Josh Guttman: I’m the Co-founder and Executive Chairman. I was the founding CEO for seven and a half years. I recently moved up to Executive Chairman. Small Door is a brand and veterinary platform. We offer a membership-based veterinary experience that’s delivered through 11 locations in three cities on the East Coast.

We have 20,000 paying members, and it’s a re-imagination of how veterinary care can be delivered, primarily for cats and dogs. And we do that through brick-and-mortar centers that we’ve built throughout the East Coast.

MC: You are not a fan of noncompetes on principle. Your competitors use them, but you don’t. Why?

JG: We find noncompetes in this scenario to be punitive and oppressive to the employee. We set out to build a business that was better for the consumer and also was better for the employee.

And when we looked at how the employment models were built in this category, pervasive noncompetes were used across multiple levels, from nurse assistant all the way to senior doctor. We felt like that was not the right way, on principle, to employ a medical professional.

If we’re not able to provide an attractive workplace, attractive compensation, attractive benefits, that worker should be free to go pursue those things elsewhere. I think as an employer, it’s our duty and our obligation to provide those things.

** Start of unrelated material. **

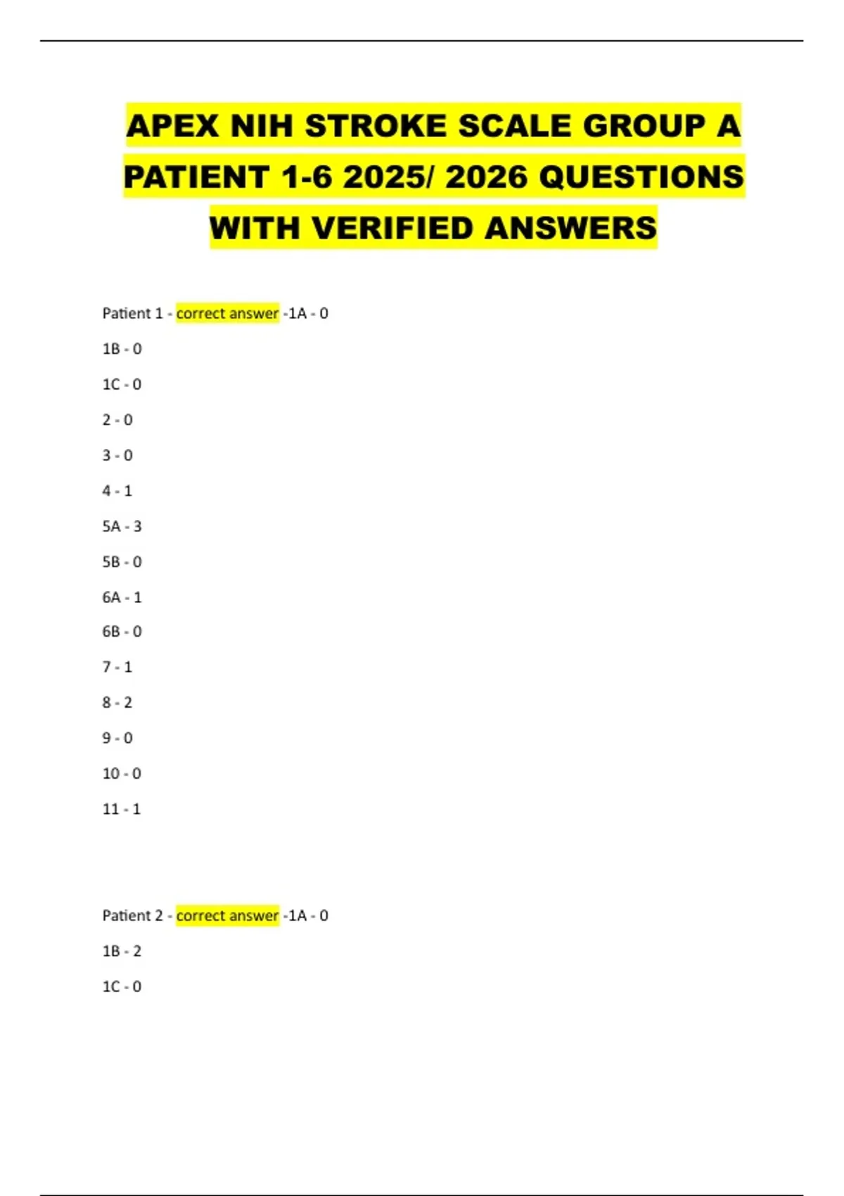 Patient 1 - correct answer -1A - 0

So that was our philosophy. From Day 1, we decided, we are not going to use noncompetes. It’s not going to be a part of our ask of our employees. If we’re not doing our jobs, if we’re not providing the things that we espouse to provide, then we want our employees to leave because that’s really valuable feedback for us.

I think we’ve done a pretty good job in thinking through how to employ and motivate and retain workers. But if we fail or if we come up short, we want our employees to tell us, and one way employees tell employers that they’re not holding up their end of the bargain is by using their feet and walking out the door.

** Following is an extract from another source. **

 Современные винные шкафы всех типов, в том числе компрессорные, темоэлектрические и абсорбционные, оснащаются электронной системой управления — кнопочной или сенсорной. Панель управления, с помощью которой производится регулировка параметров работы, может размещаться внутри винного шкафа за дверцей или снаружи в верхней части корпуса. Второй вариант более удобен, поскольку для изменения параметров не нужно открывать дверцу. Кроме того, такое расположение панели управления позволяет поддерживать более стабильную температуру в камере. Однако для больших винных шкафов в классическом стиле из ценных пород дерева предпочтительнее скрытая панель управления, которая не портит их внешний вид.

MC: So you don’t use them, but other companies do, and that hurts your business. How?

JG: One of the ways we describe our business is veterinary care reimagined or a modernized version of veterinary care, which includes how we employ and motivate and retain our workers, worker conditions, workplace environment, all those things.

We come across situations where a nurse or a doctor would like to come work at Small Door, but they are unable to do so because of a noncompete they agreed to sign at the time they joined their current employer. And that creates an unfortunate situation for us because we often can’t bring on that person. Not because we’re scared of legal action, but really because they’re scared.

There have been a few cases where employers have pursued workers who violate noncompetes. They’re few and far between. I think primarily these agreements are used as a scare tactic.

And in many ways, that’s even worse. Workers are scared to pursue employment that allows them to rise to the peak of their profession. Instead they feel that they have shackles on, forced to stay with their current employer. In many cases, the way these agreements work in our sector is there’s a geographic radius in which you can’t work—it might be a 10-mile radius.

We’re headquartered in Manhattan. That basically means that you can’t work on the island of Manhattan. So there have been many cases where someone that we knew or interviewed has decided that their current employer is not the right fit for them, but they’re unable to work in Manhattan or the surrounding areas.

So they are forced to pick up and relocate their family to another state. We’ve seen that happen many times. I think that’s unfortunate. Workers deserve freedom and mobility. I think one of the freedoms that America provides is to pursue employment that allows you to perform to the highest level you’re able to.

One of the things that noncompetes do, particularly noncompetes focused on the professional sector, is limit your mobility. They can cost you happiness and money. And sometimes a noncompete can cost you your home if you’re forced to relocate.

MC: I did an interview last week with an employment attorney named Joe Beachboard. He’s been in the business for 35 years and is the former managing director of Ogletree Deakins.

This is what he told me about the FTC ban:

“This is going to be subjected to multiple lawsuits. At least three have already been filed challenging whether or not the FTC actually has the ability to adopt these rules.

So these are probably going to be tied up in litigation for years. And even if it does end up being that there are some limitations on companies’ abilities to use noncompetes, we’ve learned how to deal with those out here in California, and it hasn't seemed to kill our economy.”

His basic message to people was don’t panic because it’s probably going to be years before anything changes anyway. What are your thoughts on that?

JG: Yeah, California has a unique employment model that has restricted noncompetes for quite a while. But we’re based in New York State.

And now that the FTC has ruled, we’ll see where that goes. I’m not a litigation expert, so it’s hard for me to comment on what will happen next. But I certainly think this is a move in the right direction and a move that will ultimately help workers.

MC: From reading about the vote, there is one caveat for high-level executives. Are you comfortable with that? Did the vote go far enough?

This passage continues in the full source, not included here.